Asynchronous recognition


Automation of speech recognition using advanced technologies.

Asynchronous recognition, suitable for recognizing audio and video recordings.

Main actions:
1. Upload the file for recognition via HTTP protocol to our repository.
2. Run the recognition task: in the request, pass the name of the downloaded file and the recognition parameters. The response will contain the recognized text.

File upload code:

curl https://yazapishu.ru/api/upload.php \
--header "Authorization: <api_token>" \
-F "upload=@<file_name>"


where:
api_token - unique user identifier. Issued after registration. Used for authorization.
file_name - the name of your file to recognize (may contain the path to your file).


Recognition launch code:

curl https://yazapishu.ru/api.php \
--header "Authorization: <api_token>" \
--header "Content-Type: application/json" \
--data '{
"audio_name": "<file_name>",
"language": "<language_cod>"
}'


List of additional parameters:
file_name - the name of the uploaded file for recognition (only the name of your file with the extension. Example : audio1.mp3).
"language": "<language_cod>" - language recognition
"speaker": "-l" - split text into speakers
"timecod": "yes" - specify timecodes in text
"json": "yes" - get data in JSON format


Available recognition languages:
Russian - ru, English - en , English – British - en_uk, English – American - en_us, English – Australian - en_au, Spanish - es , Italian - it , Chinese - zh , Korean - ko , German - de , Dutch - nl , Polish - pl , Portuguese - pt , Turkish - tr , French - fr , Finnish - fi , Japanese - ja
Example parameter: "language": "ru"



Getting data in Json format


Recognition launch code:


curl https://yazapishu.ru/api.php \
--header "Authorization: <api_token>" \
--header "Content-Type: application/json" \
--data '{
"audio_name": "<file_name>",
"language": "<language_cod>",
"json": "yes"
}'


The results contain the entire recognized text, the text divided by parameters, and a list of recognized words.

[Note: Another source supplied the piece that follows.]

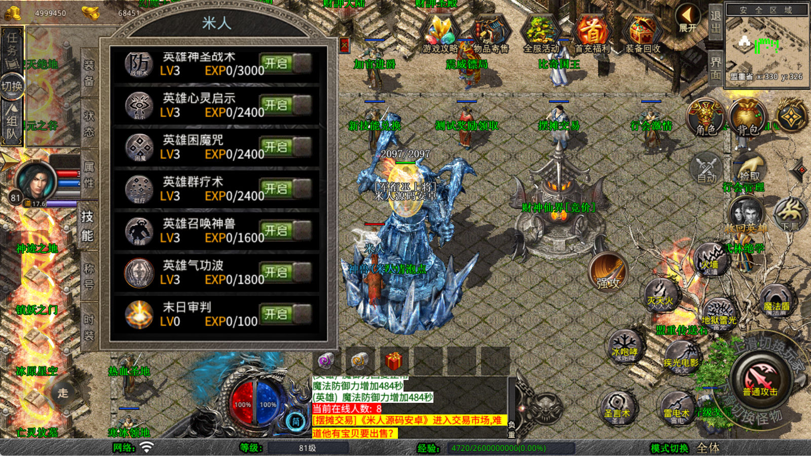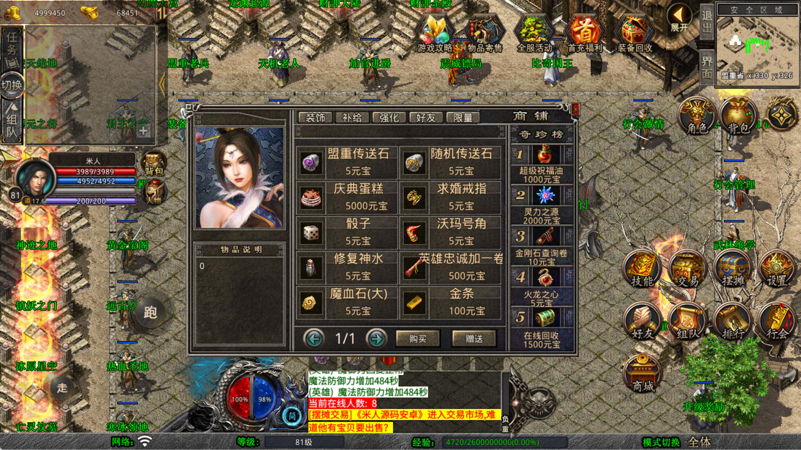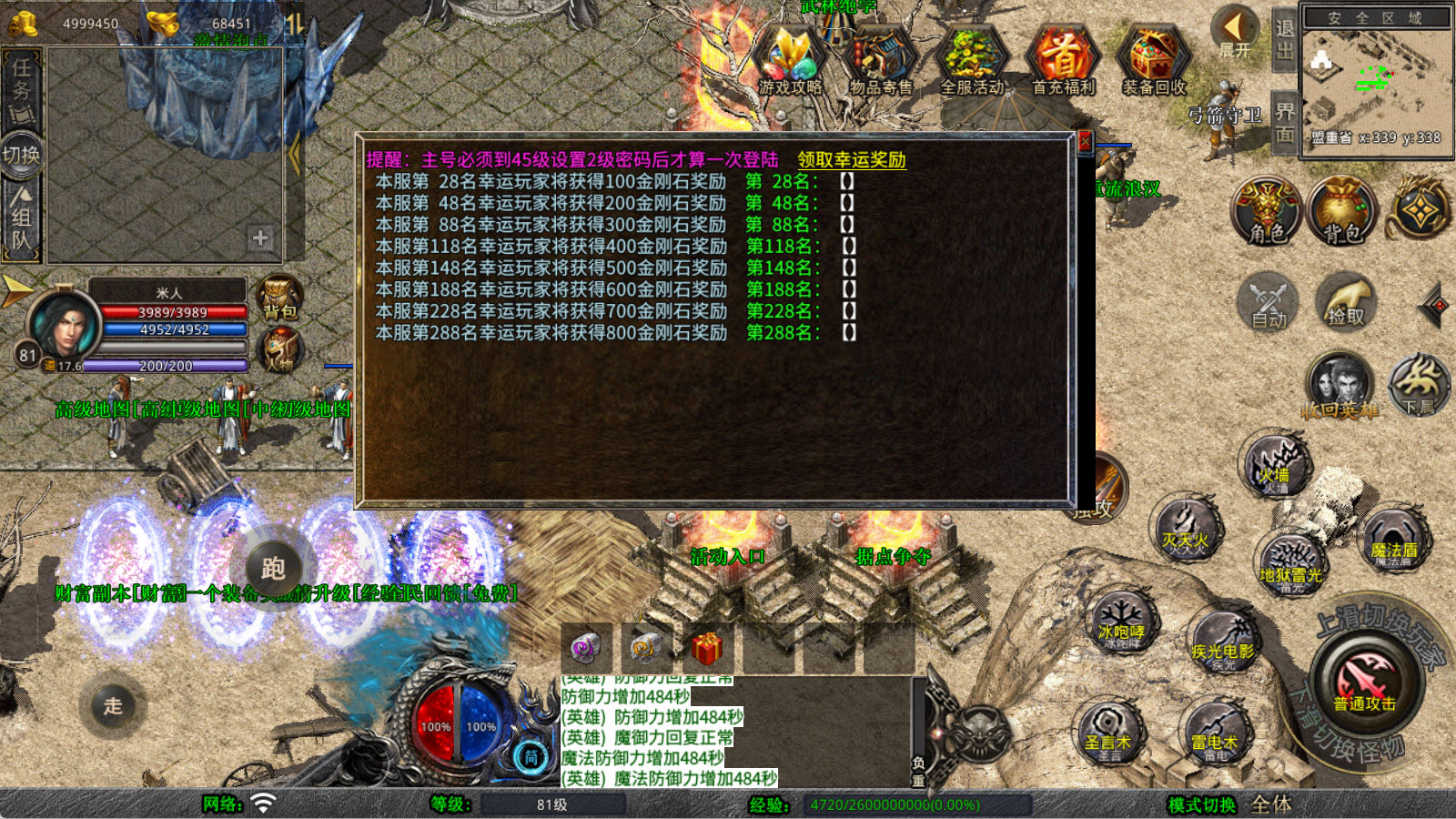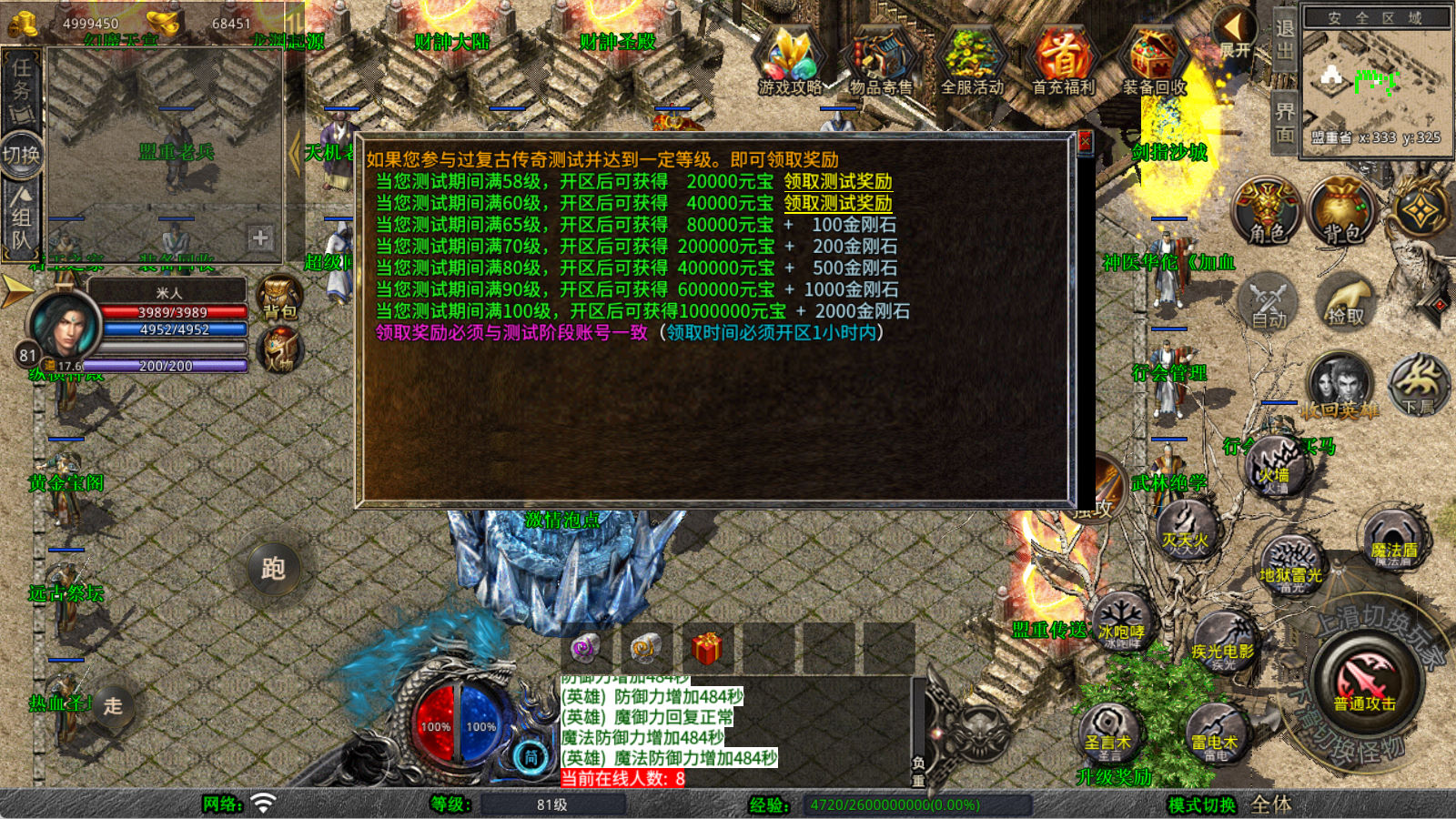 下面我们来测试下游戏里的功能看看吧。好了,其他功能就自行测试吧。更多的游戏资源可以访问www.MiR6.com下载,我们每款游戏资源均单独制作了独立的视频架设教程,让小白也可以快速上手游戏架设,快来体验自己做GM的乐趣吧!

The response will be data in JSON format, where:


Key Type Description
text string Transcript audio file .
words array An array containing information about each word
utterances array Array containing speakers' statements
utterances[i].speaker string Statement of a specific speaker
words[i].text string Text of the i-th word in the transcript
words[i].start number The beginning of the pronunciation of this word in the audio file, in milliseconds.
words[i].end number The end of the pronunciation of this word in the audio file, in milliseconds.
words[i].confidence number Reliability assessment for decoding the i-th word
words[i].speaker string If the "Speaker Separation" feature is enabled, then the speaker who uttered the i-th word
status string Status recognition : completed or error
audio_duration number Audio Duration
id number Current recognition identifier


Request for completed recognitions by ID:


curl https://yazapishu.ru/api/api_request.php \
--header "Authorization: <api_token>" \
--header "Content-Type: application/json" \
--data '{
"id": "<id>"
}'


Example of performing recognition in the SHELL command shell:


audio='myspeech.mp3'

curl https://yazapishu.ru/api/upload.php \
--header "Authorization: 773fec3ac285bc7c9e9951ef7f7ddad8" \
-F "upload=@$audio"

text=$(curl https://yazapishu.ru/api.php \
--header "Authorization: 773fec3ac285bc7c9e9951ef7f7ddad8" \
--header "Content-Type: application/json" \
--data '{
"audio_name": "'$audio'",
"language": "en",
"speaker": "-l",
"json": "yes"
}')


printf '%s\n' "$text"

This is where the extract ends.